- Born: September 18, 1922 Los Angeles, California, US
- Died: March 22, 2002 (aged 79) Van Nuys, California, US
- Burial place: Valhalla Memorial Park Cemetery
- Occupation: Sound editor
- Years active: 1954–1988
- Parents: Erich von Stroheim (father); Valerie Germonprez (mother);

= Josef von Stroheim =

American sound editor (1922–2002)

Josef Erich von Stroheim (September 18, 1922 – March 22, 2002) was an American sound editor, known for his work in the motion picture industry. His father was director Erich von Stroheim.

== Early life ==
Josef Erich von Stroheim was born in Los Angeles on September 18, 1922, and grew up in Beverly Hills, California. His parents were actress Valerie Germonprez; and actor and film director, Erich von Stroheim. He had a step-brother, Erich von Stroheim Jr., from his father's second marriage to Mae Jones (or May Jones).

== Career ==
He began his career as a still photographer for Metro-Goldwyn-Mayer's publicity department in 1939. He enlisted into the United States Army in 1942 to fight in World War II and served as a combat photographer in Europe and Japan, where one of his subjects was Hideki Tojo.

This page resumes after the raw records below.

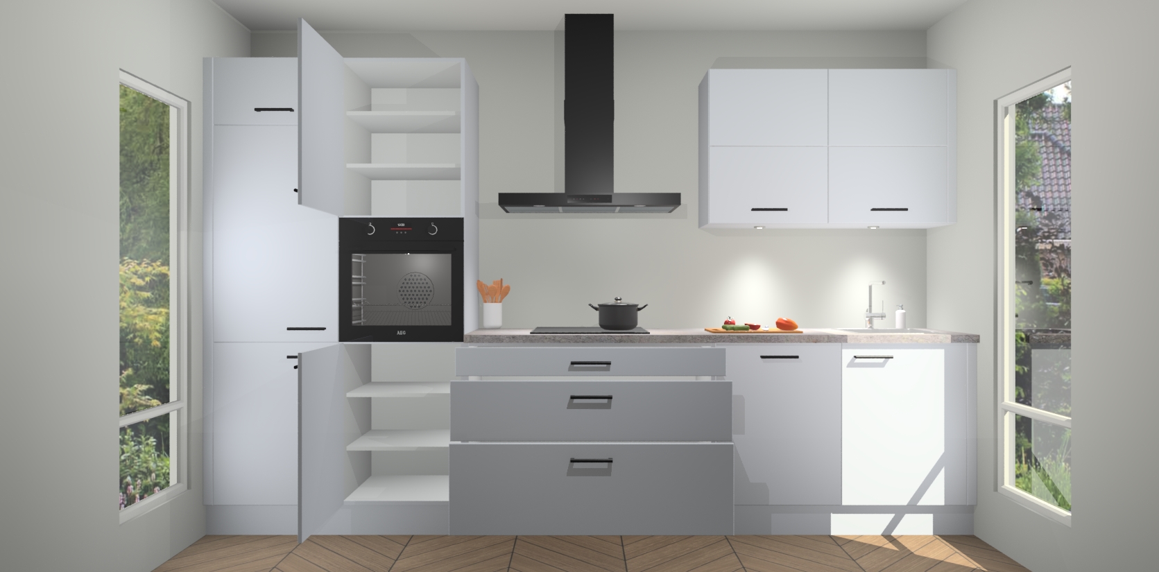 De glanzende afwerking van de deuren is gemaakt met behulp van geavanceerde coatingtechnologie, waardoor schoonmaken na het eten eenvoudig en efficiënt is. Bovendien zijn er geen handgrepen nodig, waardoor deze keuken zowel modern als verfijnd is. Of u nu op zoek bent naar een minimalistische toevoeging aan een hedendaags huis of naar iets stijlvollers en tijdlozers in een traditionele huiselijke omgeving, onze Sneeuwwitte Keuken Parijs is een geweldige oplossing.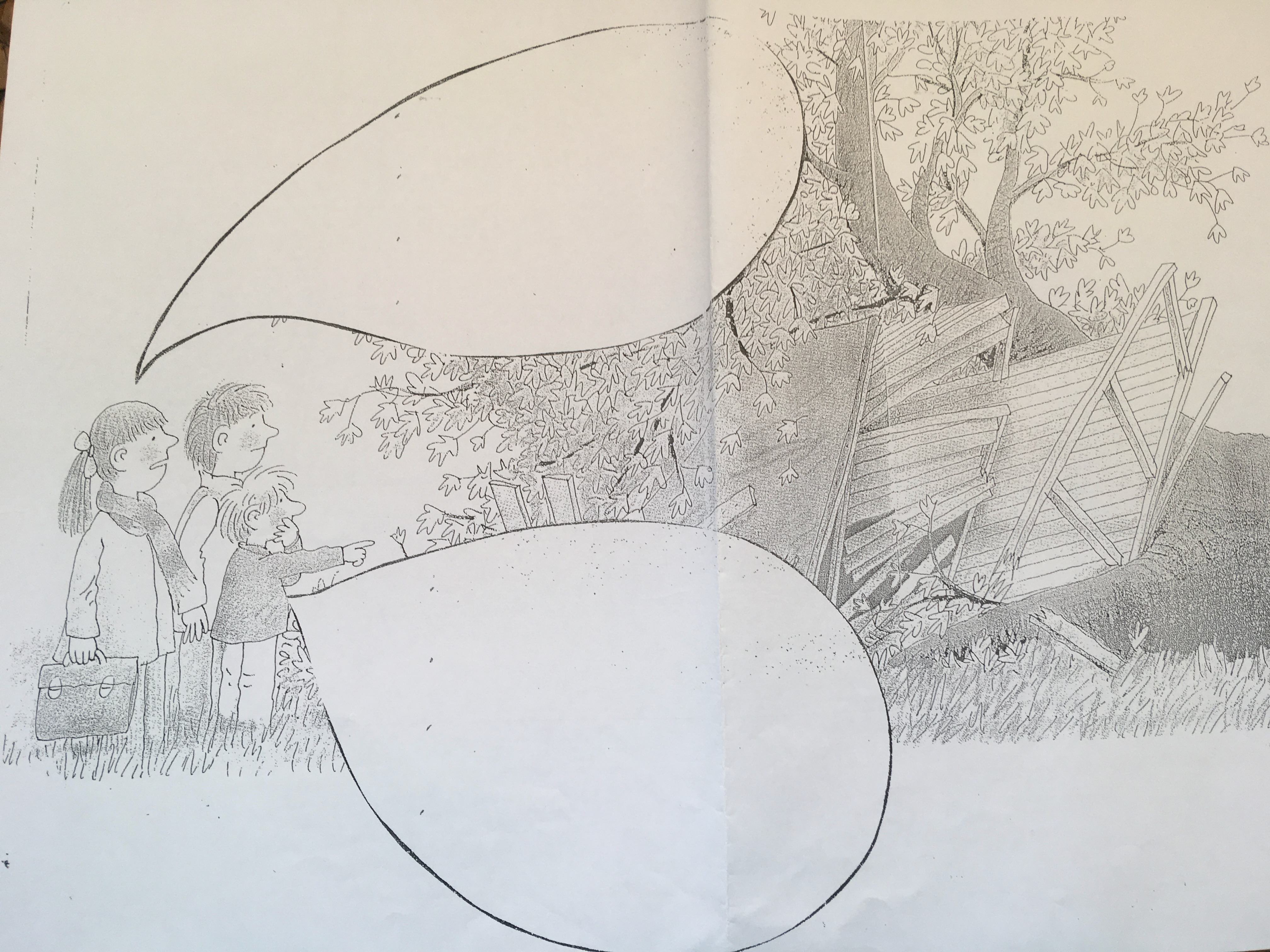 Today we are thinking about the story you have just heard. Have a look at the picture below and think about what the people are saying. We would like you to try to write the words that they are saying in the speech bubbles. If you don't have a printer, draw the picture yourself and make your own speech bubbles.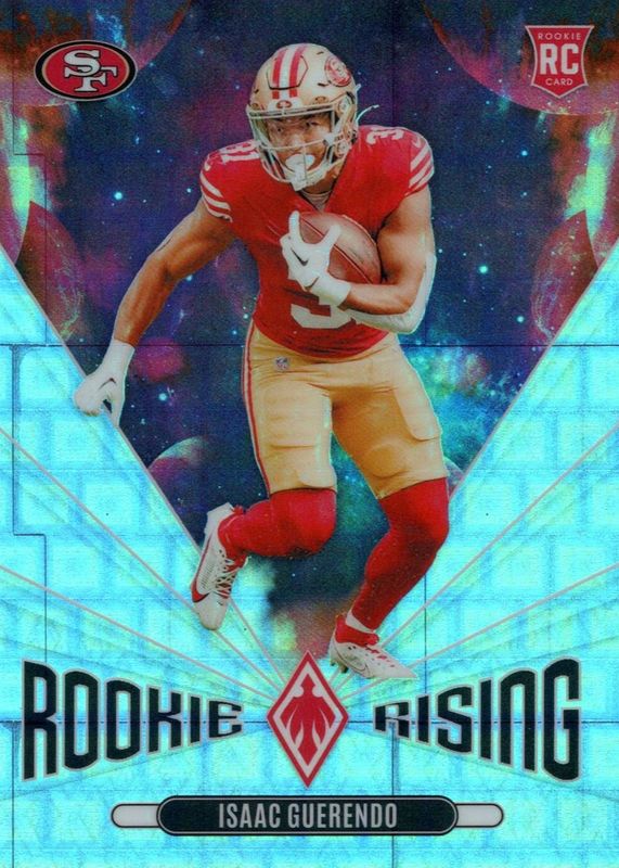 This card is 1 of 18 Isaac Guerendo's card variations in the 2024 Phoenix set being tracked by Sports Card Investor, including Rookie Rising, Rookie Rising - Hyper, Rookie Rising - Lazer, Rookie Rising - Orange, and Rookie Rising - Purple.
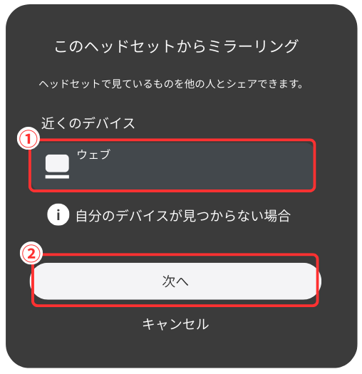 次に、Questデバイス側を操作してPCブラウザにミラーリングする手順です。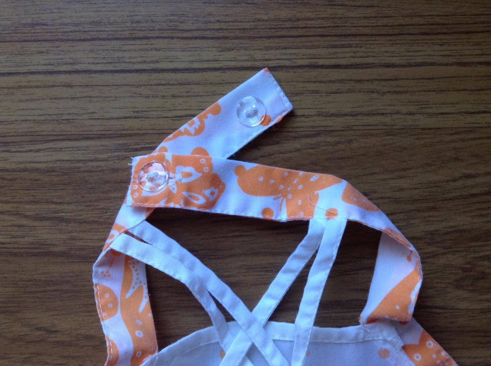 Oblecene 2x vyborny stav, vzadu na chrbte prekrizene, zapinanie okolo krku, regulovatelne na 2 gombiky, farby syte nesprate, velkost odhadom, nie je uvedena
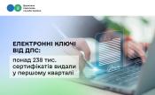 Протягом першого кварталу цього року послугами Кваліфікованого надавача електронних довірчих послуг ДПС скористалися понад 86 тисяч платників. Їм безкоштовно видано 238,3 тис. кваліфікованих сертифікатів відкритих ключів.

After the war he was a member of the International Combat Camera Association and worked as a sound editor. He won two Emmy Awards for sound editing for QB VII (1977) and The Immortal (1970) as well as five Motion Picture Sound Editors Golden Reel Awards.

== Later life and death ==
Stroheim retired in 1988 and died in Van Nuys from complications from lung cancer on March 22, 2002. He is buried in an unmarked grave in Valhalla Memorial Park Cemetery.